* **YOUR ASSIGNMENT**
Set down, character for character, everything in the records below from the line holding "- 美術品・アンティーク・コレクション >" down to the line holding "Снимите центральную гайку", and no other line.

* **DATA FOR THIS EXERCISE**
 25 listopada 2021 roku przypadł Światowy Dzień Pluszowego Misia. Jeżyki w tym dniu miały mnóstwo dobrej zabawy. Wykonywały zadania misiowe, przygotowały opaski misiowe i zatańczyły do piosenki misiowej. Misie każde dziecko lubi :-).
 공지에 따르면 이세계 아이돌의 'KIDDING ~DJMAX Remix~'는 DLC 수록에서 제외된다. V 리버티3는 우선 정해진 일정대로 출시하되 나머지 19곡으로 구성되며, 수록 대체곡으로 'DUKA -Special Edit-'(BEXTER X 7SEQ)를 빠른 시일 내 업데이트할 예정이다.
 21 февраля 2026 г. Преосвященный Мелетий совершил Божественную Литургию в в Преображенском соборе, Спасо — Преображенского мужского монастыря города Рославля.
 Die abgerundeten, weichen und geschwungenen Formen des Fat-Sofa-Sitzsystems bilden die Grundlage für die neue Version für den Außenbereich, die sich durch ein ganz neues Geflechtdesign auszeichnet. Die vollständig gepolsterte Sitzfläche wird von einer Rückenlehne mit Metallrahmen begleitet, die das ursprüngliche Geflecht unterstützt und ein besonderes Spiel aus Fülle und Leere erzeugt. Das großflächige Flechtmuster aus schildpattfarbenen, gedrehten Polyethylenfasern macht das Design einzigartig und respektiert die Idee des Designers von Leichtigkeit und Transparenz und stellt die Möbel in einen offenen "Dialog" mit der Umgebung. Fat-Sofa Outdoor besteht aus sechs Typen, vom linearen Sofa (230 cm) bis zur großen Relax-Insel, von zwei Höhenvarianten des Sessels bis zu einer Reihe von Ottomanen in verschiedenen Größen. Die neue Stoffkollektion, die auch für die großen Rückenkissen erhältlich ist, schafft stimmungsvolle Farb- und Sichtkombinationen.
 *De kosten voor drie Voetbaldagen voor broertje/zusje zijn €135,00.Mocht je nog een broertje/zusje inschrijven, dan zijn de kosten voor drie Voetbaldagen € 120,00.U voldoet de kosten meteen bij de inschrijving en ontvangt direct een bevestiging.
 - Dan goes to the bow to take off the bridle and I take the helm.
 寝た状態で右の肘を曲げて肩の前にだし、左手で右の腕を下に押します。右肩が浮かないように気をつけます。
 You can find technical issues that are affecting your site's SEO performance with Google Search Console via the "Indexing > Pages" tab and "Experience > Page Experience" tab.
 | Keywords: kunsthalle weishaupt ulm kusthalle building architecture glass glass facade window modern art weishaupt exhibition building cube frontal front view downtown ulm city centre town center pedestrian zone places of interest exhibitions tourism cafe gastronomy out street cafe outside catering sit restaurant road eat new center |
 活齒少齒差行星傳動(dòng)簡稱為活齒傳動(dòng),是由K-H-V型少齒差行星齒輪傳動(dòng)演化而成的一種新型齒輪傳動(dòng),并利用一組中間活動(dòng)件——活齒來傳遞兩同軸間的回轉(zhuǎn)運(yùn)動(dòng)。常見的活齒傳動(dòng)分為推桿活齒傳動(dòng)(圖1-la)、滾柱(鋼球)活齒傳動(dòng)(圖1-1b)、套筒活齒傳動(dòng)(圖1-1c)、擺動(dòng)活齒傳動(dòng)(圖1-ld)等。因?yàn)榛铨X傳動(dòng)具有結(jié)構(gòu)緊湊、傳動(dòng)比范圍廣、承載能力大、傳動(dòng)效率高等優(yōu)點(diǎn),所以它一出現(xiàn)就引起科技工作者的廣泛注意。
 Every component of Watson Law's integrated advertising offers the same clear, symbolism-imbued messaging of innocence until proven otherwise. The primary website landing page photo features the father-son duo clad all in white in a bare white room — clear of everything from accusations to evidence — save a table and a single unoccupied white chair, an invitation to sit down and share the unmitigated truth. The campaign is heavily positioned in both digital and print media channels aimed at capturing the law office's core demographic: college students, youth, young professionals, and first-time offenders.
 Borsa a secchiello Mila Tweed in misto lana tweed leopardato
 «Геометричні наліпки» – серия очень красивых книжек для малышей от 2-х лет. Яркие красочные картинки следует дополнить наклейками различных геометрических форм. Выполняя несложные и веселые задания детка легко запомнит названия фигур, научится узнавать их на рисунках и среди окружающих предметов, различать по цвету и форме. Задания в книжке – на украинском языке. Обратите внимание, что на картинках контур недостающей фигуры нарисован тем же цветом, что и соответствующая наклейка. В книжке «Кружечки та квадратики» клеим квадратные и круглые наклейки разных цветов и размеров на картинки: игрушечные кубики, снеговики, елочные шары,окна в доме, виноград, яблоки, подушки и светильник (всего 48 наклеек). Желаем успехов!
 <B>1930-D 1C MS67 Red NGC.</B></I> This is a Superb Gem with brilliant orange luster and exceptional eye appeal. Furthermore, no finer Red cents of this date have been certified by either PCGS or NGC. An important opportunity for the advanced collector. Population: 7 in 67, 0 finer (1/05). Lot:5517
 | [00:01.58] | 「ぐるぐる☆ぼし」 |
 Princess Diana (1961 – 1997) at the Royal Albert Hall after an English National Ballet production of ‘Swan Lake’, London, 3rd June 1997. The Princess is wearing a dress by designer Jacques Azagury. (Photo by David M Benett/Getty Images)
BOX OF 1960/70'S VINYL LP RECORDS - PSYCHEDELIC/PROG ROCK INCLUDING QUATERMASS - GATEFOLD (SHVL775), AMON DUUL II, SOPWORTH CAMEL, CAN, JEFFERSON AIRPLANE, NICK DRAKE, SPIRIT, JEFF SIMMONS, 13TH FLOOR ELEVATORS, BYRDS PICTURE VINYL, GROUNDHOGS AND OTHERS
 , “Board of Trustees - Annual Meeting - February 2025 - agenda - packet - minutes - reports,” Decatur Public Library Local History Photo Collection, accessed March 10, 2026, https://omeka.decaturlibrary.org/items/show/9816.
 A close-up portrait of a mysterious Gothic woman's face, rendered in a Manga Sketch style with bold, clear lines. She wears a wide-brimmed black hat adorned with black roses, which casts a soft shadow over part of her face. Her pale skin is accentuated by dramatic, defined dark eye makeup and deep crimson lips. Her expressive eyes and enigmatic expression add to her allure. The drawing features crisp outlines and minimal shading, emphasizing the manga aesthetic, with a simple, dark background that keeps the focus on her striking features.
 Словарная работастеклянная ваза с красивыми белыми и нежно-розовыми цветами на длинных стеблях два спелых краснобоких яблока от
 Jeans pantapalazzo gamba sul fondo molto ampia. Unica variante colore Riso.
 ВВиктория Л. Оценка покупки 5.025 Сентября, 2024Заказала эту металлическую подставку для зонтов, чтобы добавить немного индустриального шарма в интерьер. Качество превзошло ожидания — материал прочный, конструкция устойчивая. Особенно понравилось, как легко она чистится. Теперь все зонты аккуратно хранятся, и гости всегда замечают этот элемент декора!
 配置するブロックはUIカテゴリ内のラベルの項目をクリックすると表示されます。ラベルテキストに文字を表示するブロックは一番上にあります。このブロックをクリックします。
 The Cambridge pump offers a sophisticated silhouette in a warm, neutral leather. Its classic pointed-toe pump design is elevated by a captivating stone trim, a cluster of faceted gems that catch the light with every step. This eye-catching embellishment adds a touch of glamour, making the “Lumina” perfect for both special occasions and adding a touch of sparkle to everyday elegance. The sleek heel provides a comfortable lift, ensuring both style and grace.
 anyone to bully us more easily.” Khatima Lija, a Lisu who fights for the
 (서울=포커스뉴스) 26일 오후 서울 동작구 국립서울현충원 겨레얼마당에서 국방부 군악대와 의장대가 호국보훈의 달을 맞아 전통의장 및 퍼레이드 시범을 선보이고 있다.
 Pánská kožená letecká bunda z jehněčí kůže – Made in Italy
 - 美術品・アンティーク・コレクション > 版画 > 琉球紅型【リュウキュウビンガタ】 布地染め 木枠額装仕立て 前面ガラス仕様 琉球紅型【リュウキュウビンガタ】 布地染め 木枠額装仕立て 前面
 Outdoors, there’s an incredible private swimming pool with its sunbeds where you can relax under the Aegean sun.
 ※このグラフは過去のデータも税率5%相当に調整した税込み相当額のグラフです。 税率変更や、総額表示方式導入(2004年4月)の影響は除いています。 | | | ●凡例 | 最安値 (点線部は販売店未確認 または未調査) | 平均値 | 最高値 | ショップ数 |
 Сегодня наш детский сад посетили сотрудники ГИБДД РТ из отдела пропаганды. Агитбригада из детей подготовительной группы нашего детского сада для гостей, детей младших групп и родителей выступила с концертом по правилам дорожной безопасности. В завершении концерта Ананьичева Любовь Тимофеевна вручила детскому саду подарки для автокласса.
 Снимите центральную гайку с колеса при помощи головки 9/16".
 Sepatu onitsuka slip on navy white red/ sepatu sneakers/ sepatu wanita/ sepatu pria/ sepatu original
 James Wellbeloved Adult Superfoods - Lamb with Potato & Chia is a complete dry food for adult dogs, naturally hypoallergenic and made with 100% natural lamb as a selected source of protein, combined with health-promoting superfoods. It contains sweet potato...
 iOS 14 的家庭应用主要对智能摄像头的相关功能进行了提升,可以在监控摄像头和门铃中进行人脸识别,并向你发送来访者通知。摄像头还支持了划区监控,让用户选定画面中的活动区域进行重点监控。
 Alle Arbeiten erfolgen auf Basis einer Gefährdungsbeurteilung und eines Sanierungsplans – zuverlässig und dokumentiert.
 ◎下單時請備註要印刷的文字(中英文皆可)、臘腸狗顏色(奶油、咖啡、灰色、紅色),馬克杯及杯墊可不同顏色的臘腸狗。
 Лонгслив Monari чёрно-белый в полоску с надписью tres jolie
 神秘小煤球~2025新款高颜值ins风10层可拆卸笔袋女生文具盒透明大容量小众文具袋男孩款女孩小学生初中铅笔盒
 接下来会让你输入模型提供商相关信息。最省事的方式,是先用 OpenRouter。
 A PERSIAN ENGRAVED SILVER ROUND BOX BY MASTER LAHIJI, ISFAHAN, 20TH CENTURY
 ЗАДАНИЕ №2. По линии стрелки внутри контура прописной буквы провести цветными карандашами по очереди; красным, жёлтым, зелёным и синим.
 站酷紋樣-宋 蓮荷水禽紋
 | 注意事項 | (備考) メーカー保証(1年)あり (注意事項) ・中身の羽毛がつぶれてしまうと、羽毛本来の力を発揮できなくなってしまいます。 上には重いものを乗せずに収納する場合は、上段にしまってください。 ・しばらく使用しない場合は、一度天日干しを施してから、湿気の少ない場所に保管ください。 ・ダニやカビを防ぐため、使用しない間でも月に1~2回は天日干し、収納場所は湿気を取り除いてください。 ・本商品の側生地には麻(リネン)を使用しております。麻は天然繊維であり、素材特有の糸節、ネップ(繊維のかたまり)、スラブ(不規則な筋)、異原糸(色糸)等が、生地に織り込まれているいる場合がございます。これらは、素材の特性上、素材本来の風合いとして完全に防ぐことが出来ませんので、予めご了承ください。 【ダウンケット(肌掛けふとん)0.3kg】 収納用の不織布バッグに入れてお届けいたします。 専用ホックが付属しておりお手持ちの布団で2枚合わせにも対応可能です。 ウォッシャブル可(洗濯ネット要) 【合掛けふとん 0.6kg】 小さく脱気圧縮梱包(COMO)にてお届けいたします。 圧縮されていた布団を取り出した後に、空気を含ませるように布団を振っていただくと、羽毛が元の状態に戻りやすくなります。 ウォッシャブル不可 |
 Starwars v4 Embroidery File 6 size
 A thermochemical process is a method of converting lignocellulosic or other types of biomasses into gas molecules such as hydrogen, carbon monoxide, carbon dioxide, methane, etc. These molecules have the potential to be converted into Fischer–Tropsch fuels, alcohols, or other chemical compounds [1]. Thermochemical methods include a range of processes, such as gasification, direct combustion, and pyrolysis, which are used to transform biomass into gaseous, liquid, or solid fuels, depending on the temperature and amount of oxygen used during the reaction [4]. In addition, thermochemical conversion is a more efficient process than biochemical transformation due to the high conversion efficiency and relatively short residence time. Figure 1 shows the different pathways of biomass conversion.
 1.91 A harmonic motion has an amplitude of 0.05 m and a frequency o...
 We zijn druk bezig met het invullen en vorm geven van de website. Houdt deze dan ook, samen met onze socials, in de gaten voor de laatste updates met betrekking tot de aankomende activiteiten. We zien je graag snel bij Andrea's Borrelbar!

* **SOLUTION TO THIS TASK**
 - 美術品・アンティーク・コレクション > 版画 > 琉球紅型【リュウキュウビンガタ】 布地染め 木枠額装仕立て 前面ガラス仕様 琉球紅型【リュウキュウビンガタ】 布地染め 木枠額装仕立て 前面
 Outdoors, there’s an incredible private swimming pool with its sunbeds where you can relax under the Aegean sun.
 ※このグラフは過去のデータも税率5%相当に調整した税込み相当額のグラフです。 税率変更や、総額表示方式導入(2004年4月)の影響は除いています。 | | | ●凡例 | 最安値 (点線部は販売店未確認 または未調査) | 平均値 | 最高値 | ショップ数 |
 Сегодня наш детский сад посетили сотрудники ГИБДД РТ из отдела пропаганды. Агитбригада из детей подготовительной группы нашего детского сада для гостей, детей младших групп и родителей выступила с концертом по правилам дорожной безопасности. В завершении концерта Ананьичева Любовь Тимофеевна вручила детскому саду подарки для автокласса.
 Снимите центральную гайку с колеса при помощи головки 9/16".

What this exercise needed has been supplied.